● **DATA EXCERPTS**:
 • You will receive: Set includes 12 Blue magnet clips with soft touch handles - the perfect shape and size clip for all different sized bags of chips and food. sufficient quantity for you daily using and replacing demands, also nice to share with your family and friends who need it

* * *

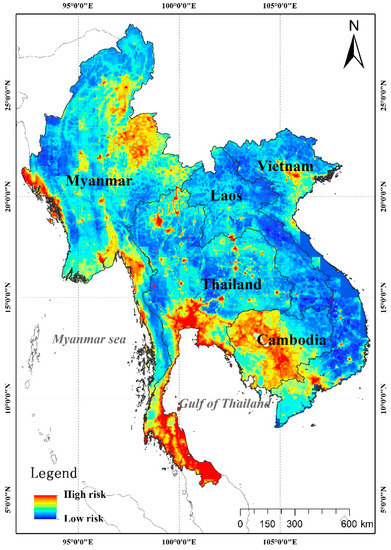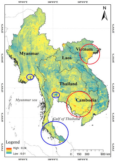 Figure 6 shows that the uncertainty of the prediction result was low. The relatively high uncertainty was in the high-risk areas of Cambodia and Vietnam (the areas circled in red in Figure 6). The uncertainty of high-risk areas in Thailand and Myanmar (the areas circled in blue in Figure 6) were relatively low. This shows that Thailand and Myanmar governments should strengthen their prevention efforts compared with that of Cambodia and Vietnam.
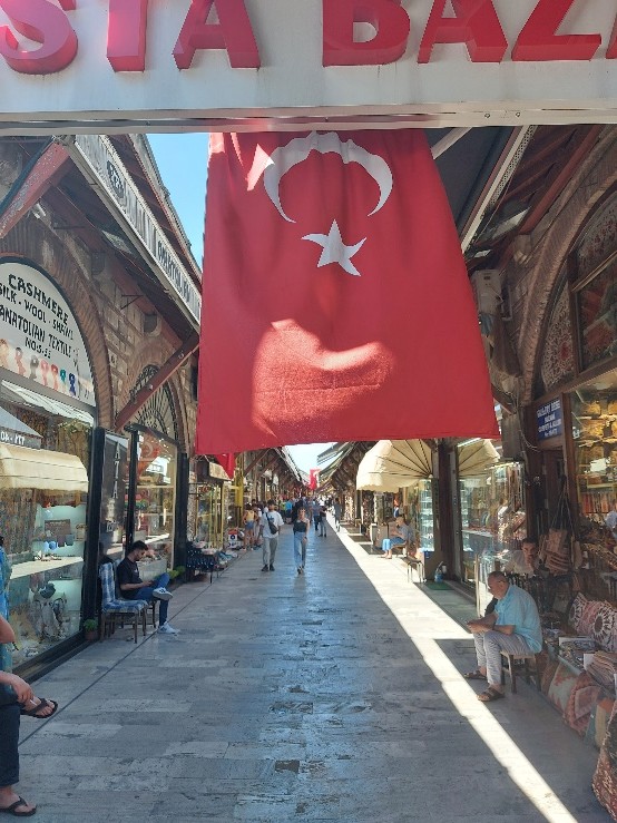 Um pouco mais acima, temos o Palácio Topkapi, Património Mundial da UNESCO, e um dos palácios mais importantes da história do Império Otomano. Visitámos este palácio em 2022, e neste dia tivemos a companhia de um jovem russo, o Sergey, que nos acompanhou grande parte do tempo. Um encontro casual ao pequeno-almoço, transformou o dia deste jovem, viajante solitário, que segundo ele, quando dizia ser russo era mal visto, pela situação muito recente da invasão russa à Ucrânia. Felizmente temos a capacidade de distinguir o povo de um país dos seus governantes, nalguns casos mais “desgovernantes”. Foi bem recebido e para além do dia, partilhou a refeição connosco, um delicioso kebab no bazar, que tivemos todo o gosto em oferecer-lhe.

---

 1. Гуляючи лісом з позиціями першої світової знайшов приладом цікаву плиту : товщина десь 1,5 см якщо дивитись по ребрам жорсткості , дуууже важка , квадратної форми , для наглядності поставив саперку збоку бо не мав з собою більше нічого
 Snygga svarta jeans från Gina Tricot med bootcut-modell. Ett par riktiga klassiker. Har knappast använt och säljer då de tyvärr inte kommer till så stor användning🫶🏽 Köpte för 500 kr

● **TASK STATEMENT**: Set down again, word for word, every line from the one with "Figure 6 shows" to the one with "Um pouco mais" in the entries above, and omit the pictures.

● **PROBLEM SOLUTION**:
 Figure 6 shows that the uncertainty of the prediction result was low. The relatively high uncertainty was in the high-risk areas of Cambodia and Vietnam (the areas circled in red in Figure 6). The uncertainty of high-risk areas in Thailand and Myanmar (the areas circled in blue in Figure 6) were relatively low. This shows that Thailand and Myanmar governments should strengthen their prevention efforts compared with that of Cambodia and Vietnam.
 Um pouco mais acima, temos o Palácio Topkapi, Património Mundial da UNESCO, e um dos palácios mais importantes da história do Império Otomano. Visitámos este palácio em 2022, e neste dia tivemos a companhia de um jovem russo, o Sergey, que nos acompanhou grande parte do tempo. Um encontro casual ao pequeno-almoço, transformou o dia deste jovem, viajante solitário, que segundo ele, quando dizia ser russo era mal visto, pela situação muito recente da invasão russa à Ucrânia. Felizmente temos a capacidade de distinguir o povo de um país dos seus governantes, nalguns casos mais “desgovernantes”. Foi bem recebido e para além do dia, partilhou a refeição connosco, um delicioso kebab no bazar, que tivemos todo o gosto em oferecer-lhe.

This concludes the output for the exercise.